I previously tried the following using the IStorable and ISaveable classes as an alternative to the abstract Saveable class I've shown you above, but this resulted in another very ugly and non-robust solution to my issue.
Saveable.java
public class Saveable {
// Suppress default constructor
private Saveable() {}
// Save a class to the specified location using the specified gson
public static <T extends ISaveable> T save(T instance) throws IOException {
Files.createDirectories(instance.getLocation().getParent());
Files.write(instance.getLocation(), instance.getGson().toJson(instance).getBytes(), StandardOpenOption.CREATE, StandardOpenOption.TRUNCATE_EXISTING, LinkOption.NOFOLLOW_LINKS);
return instance;
}
// Load a file from the specified location using the specified gson and cast it to the specified class using the specified generic
public static <T extends ISaveable> ISaveable load(Path location, Gson gson, Class<T> clazz, Class<?> genericClazz) throws IOException {
if (!Files.exists(location)) {
return null;
} else {
TypeToken<?> type = genericClazz == null ? TypeToken.get(clazz) : TypeToken.getParameterized(clazz, genericClazz);
ISaveable saveable = gson.fromJson(Files.newBufferedReader(location), type.getType());
saveable.setGson(gson);
saveable.setLocation(location);
return saveable;
}
}
}
ISaveable.java
public interface ISaveable {
// Gson
Gson getGson();
void setGson(Gson gson);
// Location
Path getLocation();
void setLocation(Path location);
}
IStorable.java
public interface IStoreable {
String getUuid();
}
Store.java
public class Store<T extends IStoreable> extends LinkedHashMap<String, T> implements ISaveable {
private transient Path location;
private transient Gson gson;
public Store(Path location, Gson gson) {
this.location = location;
this.gson = gson;
}
public Store() {
this.location = null;
this.gson = null;
}
public Store<T> put(T value) {
this.put(value.getUuid(), value);
return this;
}
public Store<T> remove(T value) {
this.remove(value.getUuid());
return this;
}
public Store<T> save() throws IOException {
return Saveable.save(this);
}
#SuppressWarnings("unchecked")
public static <T extends IStoreable> Store<T> load(Path location, Gson gson, Class<T> genericClazz) throws IOException {
ISaveable saveable = Saveable.load(location, gson, Store.class, genericClazz);
if (saveable == null) {
return new Store<T>(location, gson).save();
} else {
return (Store<T>) saveable;
}
}
}
This solution achieved me almost the result I was looking for, but fell short quickly on the loading process as well as just not being a robust solution, excluding the hundreds of Java practices I'm sure to have ruined at this point:
Store<ExampleStoreable> store = Store.load(Paths.get("storetest.json"), new Gson(), ExampleStoreable.class);
store.put(new ExampleStoreable("Example Name"));
store.save();
And before I get any comments saying I shouldn't be posting this on StackOverflow: if not here, where else? Please help point me in the right direction, I'd love to not be left in the dark.

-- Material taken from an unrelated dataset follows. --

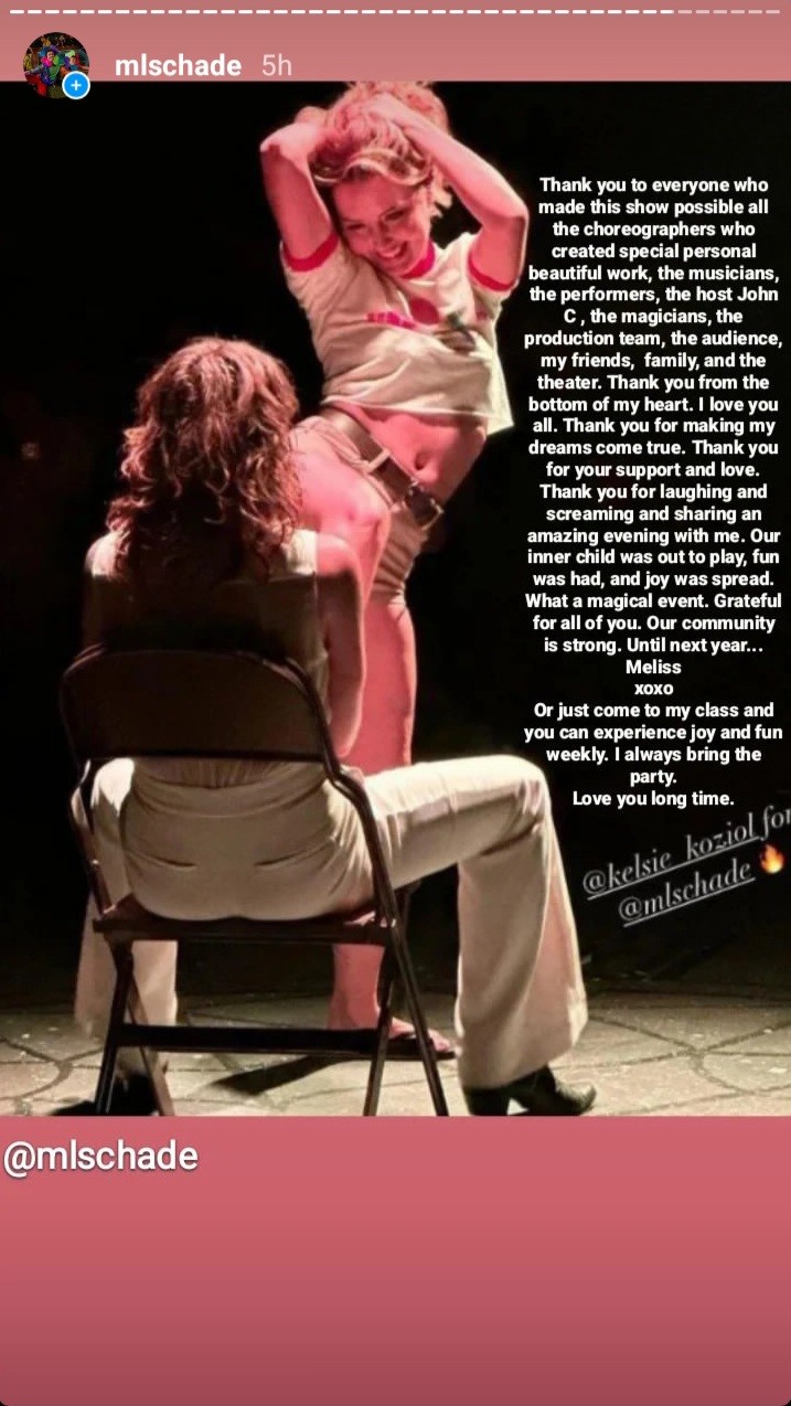 My favorite and most meaningful project would have to be my annual birthday party and variety show. For the last 9 years I have thrown myself a birthday bash. But it is not just a gift from me to me, it’s also for the entire community that surrounds me and has evolved over the years to become an entire event. The birthday party/variety show is called “Hey, it’s me Meliss”. I ask all of my super talented friends to choreograph numbers, sing a song, perform a skit, or create a work of art for me as a birthday present. I curate the show, decide on a theme (this year the theme was “Magic”), pick a host (this year the host was John C. Reilly), choreograph the opening and closing number, and the rest is a surprise! It’s a beautiful gift and surprise for both me and the audience, and because the show is made with so much love it ends up being the best evening ever. There is always a dance party after, and people DANCE because they are so inspired by the show. You will have to come next year. Talk about a joy spreader. This year we sold out a 360 seat theater. It was a blast!
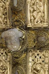 Keywords: MCC-61050 Evangeliarium (Lebuïnuscodex) (321).jpg Artwork nl Anonymous Noordoost-Frankrijk Anonymous Rijnland Anonymous Maasland nl De kern van de boekband van de Lebuïnuscodex wordt gevormd door twee eikenhouten platten De rug en het achterplat zijn overtrokken met zeemleer Het voorplat is rijkelijk versierd met verguld zilversmeedwerk reliëfs van walrustand en verscheidene stenen De compositie van de bekleding van het voorplat wordt bepaald door een verguld zilveren filigraankruis Aan de uiteinden van de kruisarmen bevinden zich vierpassen met overhoeks vierkant eveneens met filigraan gedecoreerd Hiervan zijn er slechts twee bewaard gebleven en wel die aan de verticale kruisarmen Zij bevatten tevens nog de oorspronkelijke versiering bestaande uit een filigraanmedaillon met een pseudo-camee van respectievelijk een mannen- en een vrouwenhoofd in profiel Het snijpunt van het kruis wordt ingenomen door een ver vooruitstekend Bacchuskopje in chalcedoon te herkennen aan de kleine druiventrosjes in zijn haartooi Het kopje is gevat in een filigraanmedaillon welke op zijn beurt weer is geplaatst op een vierpas van filigraanwerk Op elk van de kruisarmen bevindt zich een ovale steen 'en cabochon' op een medaillon met filigraan Het filigraanwerk van kruis en sierstukken is in de vorm van visblazen In de ruimten tussen de kruisarmen zijn rechthoekige reliëfs van walrustand aangebracht met de vier evangelisten en hun symbool De reliëfs hebben de volgende afmetingen H 10 0 x B 5 5 cm Van links boven naar rechts onder betreft het Mattheus met de engel Johannes met de adelaar Marcus met de gevleugelde leeuw en Lucas met de gevleugelde os De figuren zijn paarsgewijs als elkaars spiegelbeeld ten opzichte van de middenas geplaatst Mattheus en Johannes zitten vrijwel geheel frontaal terwijl Marcus en Lucas meer in profiel zijn afgebeeld Qua opbouw verschillen de vier reliëfs nauwelijks van elkaar Binnen een rand van vierlobbige blaadjes verheffen zich twee zuilen met een basis een kapiteel en een dekplaat Hierop rust een rondboog geflankeerd door twee torens en afgedekt met een fronton dat boven Mattheus en Johannes boogvormig en boven Marcus en Lucas driehoekig is Onder deze overhuiving zitten de evangelisten gekleed in een lang gewaad en mantel met gekruiste benen aan een lessenaar hun blote voeten rustend op een bankje Allen zijn baardeloos en voorzien van een nimbus Voorts houden ze een pen in hun rechterhand terwijl hun linker op een boek ligt of gebarend is opgeheven Boven elk van de evangelisten verschijnt in de opening van het fronton zijn symbool met een spreukband Dit rijkelijk gedecoreerde middenveld wordt omlijst door sierbanden van verguld koper De opbouw van de sierlijsten is steeds dezelfde een opstaande smalle band die op regelmatige afstanden is voorzien van holten met aan weerszijden een brede strook voorzien van een gestanst motief Aan de lange zijden van de boekband bestaat het motief uit palmetten aan de korte zijden uit rozetten Van deze laatstgenoemde stroken ontbreekt steeds de buitenste rand Bij alle stroken met palmettenmotief wijzen de palmetten naar links met uitzondering van de buitenste strook rechtsboven die het motief in tegengestelde richting toont Verguld zilveren rozetten op de hoeken van het voorplat omgeven door een smalle rand van filigraanwerk met cirkelmotief en bekroond met een 'en cabochon' gezette steen completeren het geheel Van de rozet links onder ontbreekt de steen en is slechts de buitenste rand over Aan de voorzijde van de boekband bevinden zich nog de rudimenten van twee sluitingen between u'825' u'1000' u'1150' u'850' u'1199' u'1199' nl perkament eikenhout zilver goud koper walrustand chalcedoon glas leer Size 35 5 26 0 cm nl Hoogte 35 5cm Breedte 26 0cm Diepte 13 5cm Institution Museum Catharijneconvent object history exhibition history credit line nl Foto Museum Catharijneconvent Utrecht foto HetFotoAtelier Peter Rothengatter Reproduction title nl Boekband voorzijde detail met Bacchuskopje accession number Object number 61050 Inventory number ABM h1 place of creation https //www catharijneconvent nl/adlib/61050/ View this work on the website of Museum Catharijneconvent Museum Catharijneconvent Cc-zero <gallery> File MCC-61050_Evangeliarium_Lebuïnuscodex_ 11 jpg File MCC-61050_Evangeliarium_Lebuïnuscodex_ 172 jpg File MCC-61050_Evangeliarium_Lebuïnuscodex_ 212 jpg File MCC-61050_Evangeliarium_Lebuïnuscodex_ 61 jpg File MCC-61050_Evangeliarium_Lebuïnuscodex_ 12 jpg File MCC-61050_Evangeliarium_Lebuïnuscodex_ 213 jpg File MCC-61050_Evangeliarium_Lebuïnuscodex_ 56 jpg File MCC-61050_Evangeliarium_Lebuïnuscodex_ 232 jpg File MCC-61050_Evangeliarium_Lebuïnuscodex_ 93 jpg File MCC-61050_Evangeliarium_Lebuïnuscodex_ 99 jpg File MCC-61050_Evangeliarium_Lebuïnuscodex_ 184 jpg File MCC-61050_Evangeliarium_Lebuïnuscodex_ 64 jpg File MCC-61050_Evangeliarium_Lebuïnuscodex_ 299 jpg File MCC-61050_Evangeliarium_Lebuïnuscodex_ 86 jpg File MCC-61050_Evangeliarium_Lebuïnuscodex_ 260 jpg File MCC-61050_Evangeliarium_Lebuïnuscodex_ 159 jpg File MCC-61050_Evangeliarium_Lebuïnuscodex_ 247 jpg File MCC-61050_Evangeliarium_Lebuïnuscodex_ 180 jpg File MCC-61050_Evangeliarium_Lebuïnuscodex_ 121 jpg File MCC-61050_Evangeliarium_Lebuïnuscodex_ 315 jpg File MCC-61050_Evangeliarium_Lebuïnuscodex_ 284 jpg File MCC-61050_Evangeliarium_Lebuïnuscodex_ 33 jpg File MCC-61050_Evangeliarium_Lebuïnuscodex_ 44 jpg File MCC-61050_Evangeliarium_Lebuïnuscodex_ 258 jpg File MCC-61050_Evangeliarium_Lebuïnuscodex_ 237 jpg File MCC-61050_Evangeliarium_Lebuïnuscodex_ 20 jpg File MCC-61050_Evangeliarium_Lebuïnuscodex_ 220 jpg File MCC-61050_Evangeliarium_Lebuïnuscodex_ 279 jpg File MCC-61050_Evangeliarium_Lebuïnuscodex_ 183 jpg File MCC-61050_Evangeliarium_Lebuïnuscodex_ 60 jpg File MCC-61050_Evangeliarium_Lebuïnuscodex_ 166 jpg File MCC-61050_Evangeliarium_Lebuïnuscodex_ 97 jpg File MCC-61050_Evangeliarium_Lebuïnuscodex_ 71 jpg File MCC-61050_Evangeliari

Thanks if anyone is able to help and if not I understand. This isn't the easiest question by any means.
I was extremely close to the correct solution, but my logic just wasn't lining up.
The fixed load method is as follows:
default <T extends ISaveable> T load() throws IOException {
if (!Files.exists(getLocation())) {
return save();
} else {
InstanceCreator<?> creator = type -> (T) this;
Gson newGson = getGson().newBuilder().registerTypeAdapter(getType(), creator).create();
return newGson.fromJson(Files.newBufferedReader(getLocation()), getType());
}
}
Instead of attempting to prevent type erasure, and instead of passing the class every time we call the method, we just... pass it in the constructor. It was really that simple. I don't care about sending the type through the constructor, as long as .load() and .save() do not result in hundreds of lines of repetitive code.
I can't believe I was this close to the solution the whole time. It's incredible to me how simple this was. Guess that's the life of programming, right?
Here is the full class, which I determined was better as an interface called ISaveable.java:
public interface ISaveable {
Type getType();
Gson getGson();
Path getLocation();
/**
* Saves this object.
*
* #param <T> The extended object to cast to.
* #return The object after having been saved.
* #throws IOException Thrown if there was an exception while trying to save.
*/
#SuppressWarnings("unchecked")
default <T extends ISaveable> T save() throws IOException {
Path location = getLocation().toAbsolutePath();
if (location.getParent() != null) {
Files.createDirectories(location.getParent());
}
Files.write(getLocation(), getGson().toJson(this).getBytes(), StandardOpenOption.CREATE, StandardOpenOption.TRUNCATE_EXISTING, LinkOption.NOFOLLOW_LINKS);
return (T) this;
}
/**
* Loads this object.
*
* #param <T> The extended object to cast to.
* #return The object after loading the new values.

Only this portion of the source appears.